Glass Transition Temperature and Melting Temperature
The Glass transition temperature and the melting temperature are measured by differential scanning calorimetry according to JIS K7121-1987. The measurement is performed as follows.
That is, first, a substance to be measured is set on a differential scanning calorimeter (trade name: DSC-50, manufactured by Shimadzu Corporation) provided with an automatic tangent processing system and after setting liquid nitrogen as a cooling medium, the substance is heated to 150° C. from 0° C. at a temperature rise rate of 10° C./min (first temperature rising process) to determine the relationship between temperature (° C.) and heat quantity (mW). Next, the substance is cooled to 0° C. at a temperature drop rate of −10° C./min and again heated to 150° C. at a temperature rise rate of 10° C./min (second temperature rising process) to collect data. Here, the toner is held at 0° C. and 150° C. each for 10 minutes.
In the measuring device, temperature correction at the detection unit is conducted using the melting temperature of the mixture of indium and zinc, and correction of the heat quantity is conducted using the heat of fusion of indium. A sample is put in an aluminum pan and the aluminum pan in which the sample is put and an empty aluminum pan for control are set.
The temperature at an intersection point of extensions of a base line and a rising line in an endothermic portion of the DSC curve obtained in the second temperature rising process is set as the glass transition temperature of the amorphous polyester resin.
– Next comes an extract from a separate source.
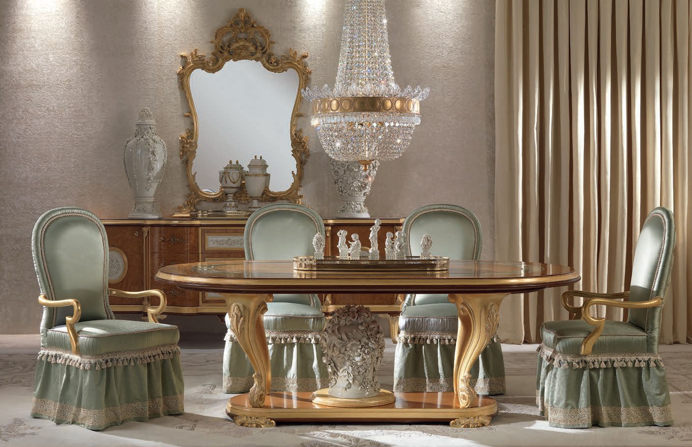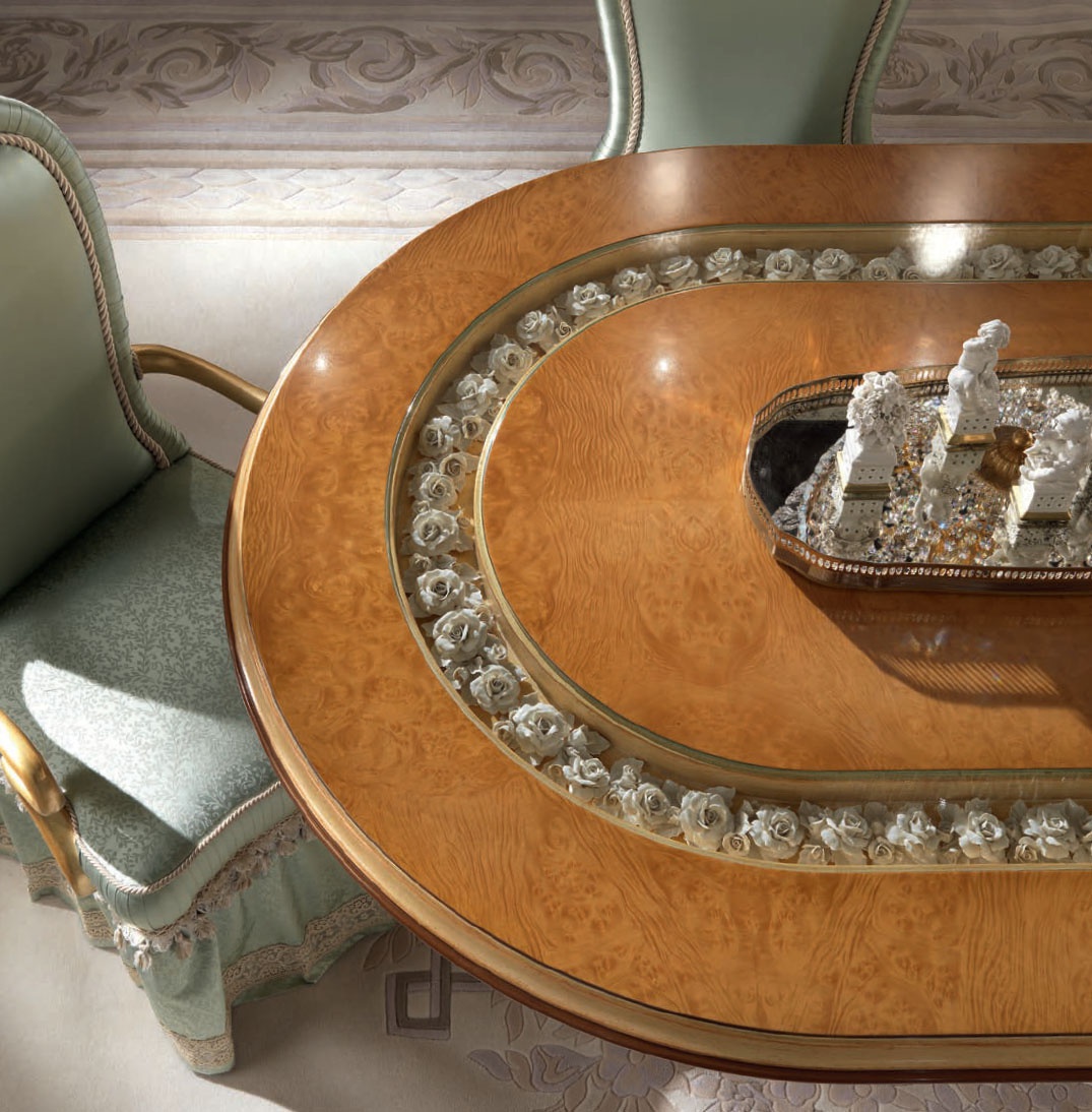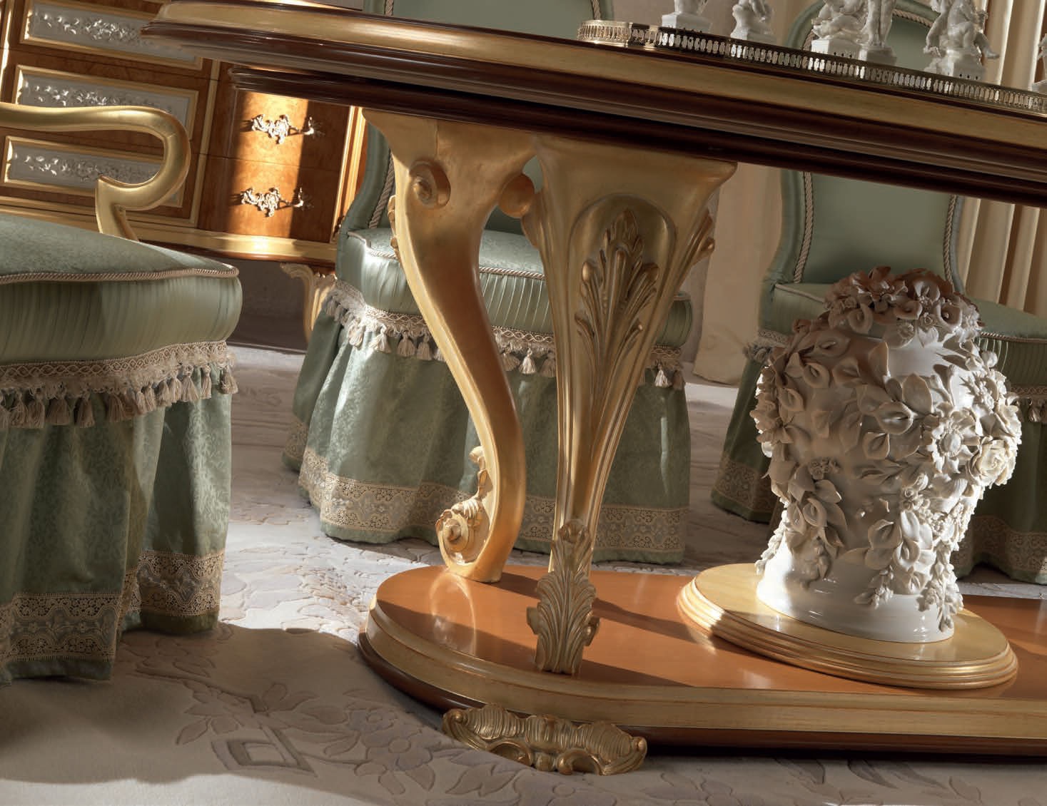 Dining table from the Italian manufacturer Jumbo Collection, Canova collection. Model in the classic style. The frame is made from natural wood carving - handmade in gold plated finish. Colours in stock.

The temperatures of the maximum peak out of peaks having an endothermic amount of 25 J/g or more in the DSC curve obtained in the second temperature rising process are set as the melting temperatures of the crystalline polyester resin and the release agent.
Acid Value
The acid value (AV) is measured as follows. A basic operation is performed according to JIS K-0070-1992.
A sample is obtained by removing insoluble components to THF from a resin in advance, or by extracting soluble components to a THF solvent using a Soxhlet extractor, and used. 1.5 g of the pulverized sample is precisely measured and put into a 300 ml beaker with 100 ml of mixed solution of toluene and ethanol (4/1) and dissolved. Potentiometric titration is performed with 0.1 mol/l of an ethanol solution of KOH, using an automatic titrator GT-100 (manufactured by Dia Instruments Co., Ltd). The amount of KOH solution used at this time is defined as A (ml). The blank is also measured and the amount of KOH solution used at this time is defined as B (ml). The acid value is calculated from the following equation (A) based on these values. In the equation (A), w represents a precisely measured amount of the sample and f represents a factor of KOH.
Acid value (mgKOH/g)={(A−B)×f×5.61}/w Equation (A)
Synthesis of Amorphous Polyester Resin 1 (Amo-1)
The above-described monomer components are put into a reaction vessel provided with a stirrer, a thermometer, a condenser and a nitrogen gas introducing tube. The reaction vessel is purged with dry nitrogen gas and then 0.3% of tin octanoate with respect to a total amount of the monomer components is added. The temperature is increased to 235° C. in a nitrogen gas stream over 1 hour and the mixture is allowed to react for 3 hours. The pressure inside the reaction vessel is reduced to 10.0 mmHg and the resultant is allowed to react under stirring. The reaction ends when a desired molecular weight is obtained.
The glass transition temperature of the obtained amorphous polyester resin 1 is 61° C., the weight average molecular weight is 42,000, and the acid value is 13 mgKOH/g. In addition, the SP value is 9.47.
Preparation of Amorphous Polyester Resin Dispersion 1
The above-described components are put into a reaction vessel provided with a stirrer and dissolved at 60° C. After checking the dissolution, the temperature of the reaction vessel is cooled to 35° C. and then 3.5 parts of a 10% ammonia aqueous solution is added. Next, 300 parts of ion exchange water is added dropwise to the reaction vessel over 3 hours to prepare a polyester resin dispersion. Next, methyl ethyl ketone and isopropyl alcohol are removed by an evaporator to obtain an amorphous polyester resin dispersion 1.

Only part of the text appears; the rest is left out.